Supplied information:

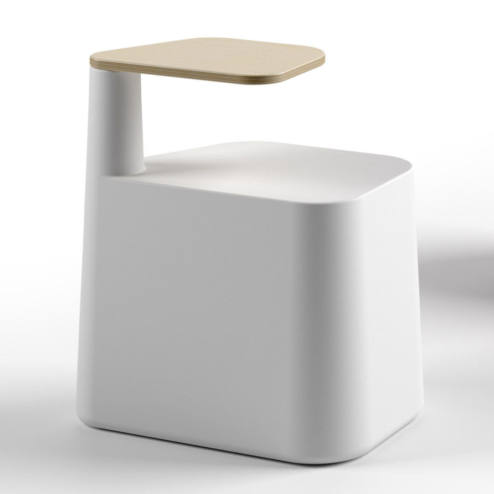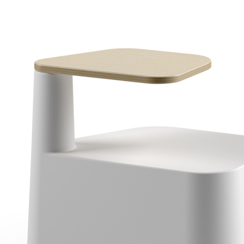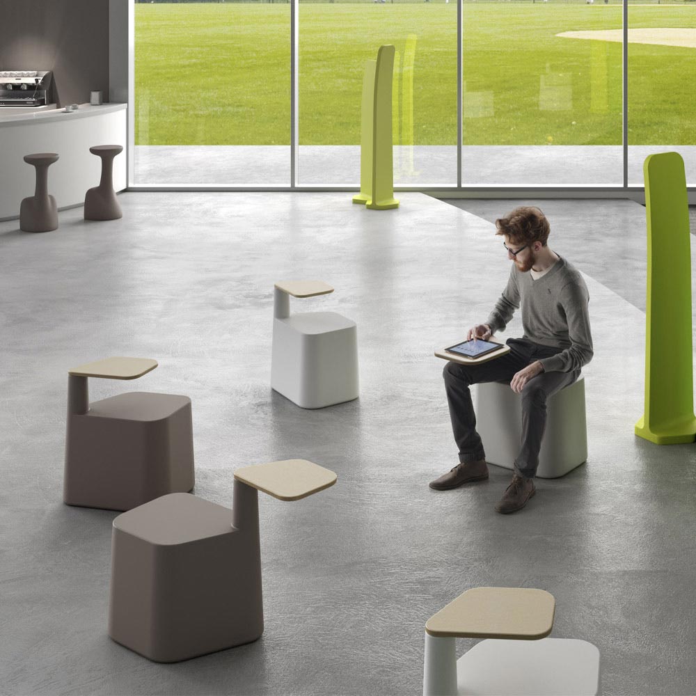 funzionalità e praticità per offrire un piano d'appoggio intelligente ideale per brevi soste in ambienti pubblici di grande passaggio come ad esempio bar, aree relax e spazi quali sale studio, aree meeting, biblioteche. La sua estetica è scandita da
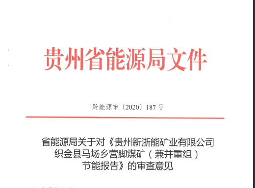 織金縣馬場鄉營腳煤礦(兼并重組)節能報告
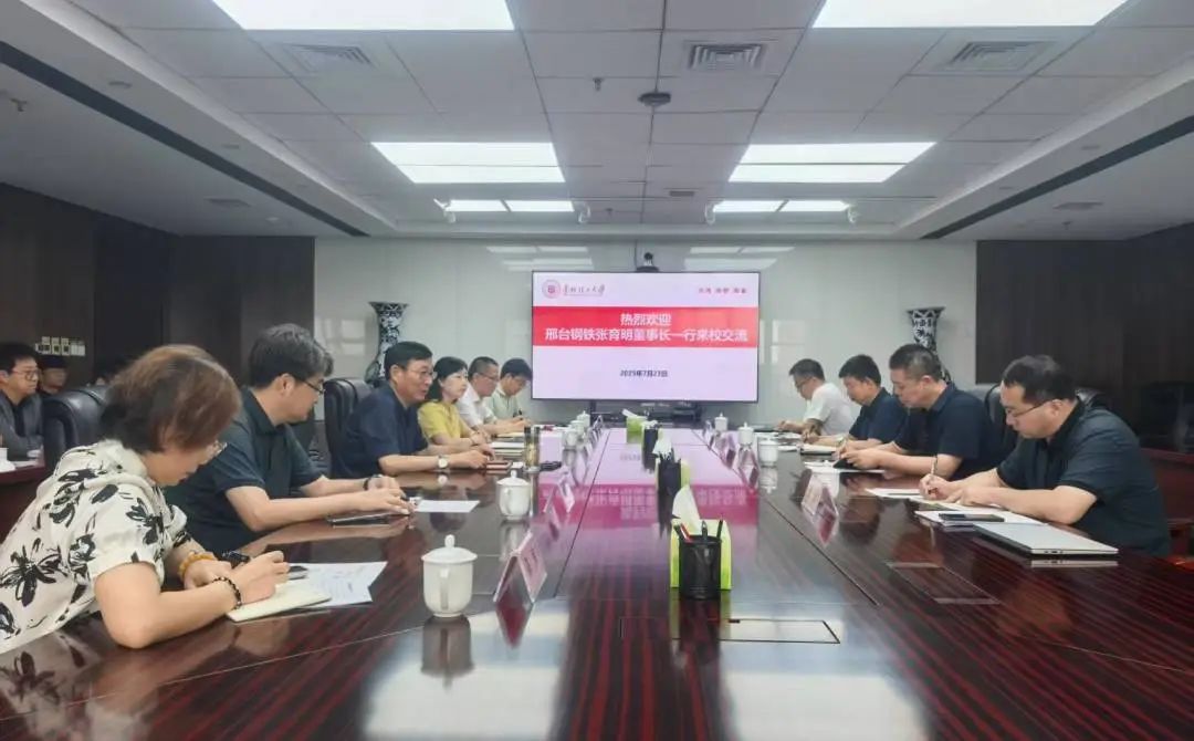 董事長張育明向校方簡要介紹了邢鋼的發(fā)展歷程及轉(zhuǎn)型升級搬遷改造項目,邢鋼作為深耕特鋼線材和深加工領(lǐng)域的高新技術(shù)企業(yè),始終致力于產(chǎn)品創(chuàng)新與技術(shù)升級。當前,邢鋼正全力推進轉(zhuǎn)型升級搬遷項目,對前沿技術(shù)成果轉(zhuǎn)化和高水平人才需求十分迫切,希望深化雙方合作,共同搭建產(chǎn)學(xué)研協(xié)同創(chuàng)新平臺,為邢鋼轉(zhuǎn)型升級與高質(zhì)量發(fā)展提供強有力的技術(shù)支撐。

Exercise directions: Each line of the material is to be output exactly. Images are not part of the expected output.

Solution to this exercise:
 funzionalità e praticità per offrire un piano d'appoggio intelligente ideale per brevi soste in ambienti pubblici di grande passaggio come ad esempio bar, aree relax e spazi quali sale studio, aree meeting, biblioteche. La sua estetica è scandita da
 織金縣馬場鄉營腳煤礦(兼并重組)節能報告
 董事長張育明向校方簡要介紹了邢鋼的發(fā)展歷程及轉(zhuǎn)型升級搬遷改造項目,邢鋼作為深耕特鋼線材和深加工領(lǐng)域的高新技術(shù)企業(yè),始終致力于產(chǎn)品創(chuàng)新與技術(shù)升級。當前,邢鋼正全力推進轉(zhuǎn)型升級搬遷項目,對前沿技術(shù)成果轉(zhuǎn)化和高水平人才需求十分迫切,希望深化雙方合作,共同搭建產(chǎn)學(xué)研協(xié)同創(chuàng)新平臺,為邢鋼轉(zhuǎn)型升級與高質(zhì)量發(fā)展提供強有力的技術(shù)支撐。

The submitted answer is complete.